The director of the pound, Ryan Drabek, told the paper via e-mail that in 2012 “1,868 stray animals total came into our shelter with some form of identification (license, microchip, ID tag, etc.).”  The Register crunches the numbers:

Of animals that came into the shelter with some sort of identification last year, 61 percent were returned to their owners and 13 percent were euthanized.

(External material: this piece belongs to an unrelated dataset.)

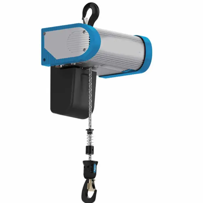 The hoist is powered by electricity, which provides efficient lifting capabilities.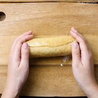 サーモン、アボカド、クリームチーズをのせて巻き上げます。

Let’s be clear on the overall numbers.  The Orange Co pound took in 29,723 animals in 2012 and returned 3346 of them to their owners.  That is a RTO rate of 11%.  Of the 1868 pets who were impounded with identification, the pound killed 243 or 13% of them.  That’s 243 pets with tags and/or microchips, thrown into the dumpster by the people paid to shelter them.

Not yay.

And if you make it to the end of the article, there’s this horrifying tidbit:

Feral cats and kittens younger than 6 weeks old accounted for 70 percent of the total cats euthanized at the shelter in 2012, Drabek said.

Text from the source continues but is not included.